WD 0032−317

Observation data Epoch Equinox
- Constellation: Sculptor
- Right ascension: 00^{h} 34^{m} 49.8573^{s}
- Declination: −31° 29′ 52.686″
- Apparent magnitude (V): 16.17

Characteristics
- Evolutionary stage: White dwarf

Astrometry
- Parallax (π): 2.320±0.053 mas
- Distance: 431.1±9.8 pc

Orbit
- Primary: WD 0032−317
- Period (P): 8340.9090±0.0013 s
- Semi-amplitude (K_{1}) (primary): 53.4±1.7 km/s

Details

WD 0032−317
- Mass: 0.4187±0.0047 (He-core) 0.386±0.014 (Hybrid-core) M_{☉}
- Radius: 0.0266±0.0012 R_{☉}
- Temperature: 36965±100 K

WD 0032−317 b
- Mass: 0.0812±0.0029 (He-core) 0.0750±0.0037 (Hybrid-core) M_{☉}
- Radius: 0.0789+0.0085 −0.0083 (He-core) 0.0747+0.0085 −0.0079 (Hybrid-core) R_{☉}
- Temperature: 5126±28 (He-core) 5111±41 (Hybrid-core) (equilibrium temperature) K
- Other designations: WD 0032−317, MCT 0032-3146, EC 00323-3146, GALEX J003449.8-312952, 2MASS J00344984-3129524, TIC 251857373, USNO-B1.0 0585-00006922, Gaia DR3 2317319612801004416, Gaia DR2 2317319612801004416

Database references
- SIMBAD: data

= WD 0032−317 =

White dwarf system with a hot brown dwarf

WD 0032−317 is a low mass white dwarf star orbited by brown dwarf WD 0032−317 b.

== WD 0032−317==
The white dwarf WD 0032−317 is located about 1,400 light years from Earth.
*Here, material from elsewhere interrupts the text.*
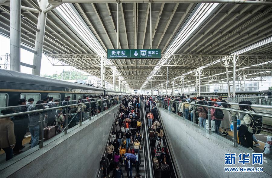 10月7日,長假臨近尾聲,貴陽火車站迎來旅客返程高峰。這是旅客在貴陽火車站準備出站。新華社記者 陶亮 攝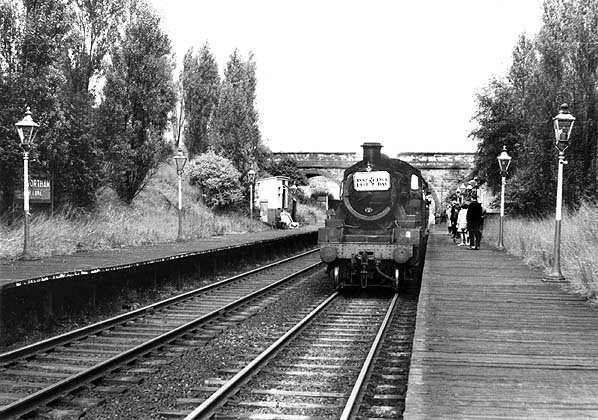 Photo by Alan Castle ![]() Although prolific on other routes in the Southport and Preston areas by this time - and particularly so in East Lancashire - no diesels of any description were ever used on regular service trains over the WLR. DMUs and Brush Type 2s sporadically appeared on inter-regional excursions, generally originating in Yorkshire, but even this was a relatively rare occurrence. On Sunday 9 August 1964 a Scottish Region 6-car 'Swindon Inter-City' unit, a type more accustomed to the hilly road from Glasgow to Stranraer, was used throughout for a day excursion from Ayr to Southport Chapel Street, organised in connection with the 'Kilmarnock Grozet Fair'. With passengers fully apprised of the delights of Southport, this view shows them back on board with the train making good headway on its lengthy return journey, here seen passing non-stop through Penwortham (Cop Lane) station.

WD 0032−317 formed about three billion years ago when a low mass star (possibly of 1.3 solar masses) expanded into its red giant phase. The star then blew out its outer layers leaving behind the helium-rich core (which is WD 0032−317).

== WD 0032−317 b ==
The orbiting brown dwarf, WD 0032−317 b, was massive enough to survive the red giant's nova event. It is an extremely hot and very large (75-88 Jupiter masses) brown dwarf that orbits WD 0032−317. One orbit from WD 0032−317 b takes only 2.5 hours. This object is tidally locked to its star with a day side temperature of 8000 K and a night temperature of about 2000 K making its temperature equivalent to a planet orbiting close to a late stage B-type star. The intense ultraviolet (UV) exposure can break down the molecules in WD 0032−317's atmosphere and vaporize materials from the surface of the brown dwarf.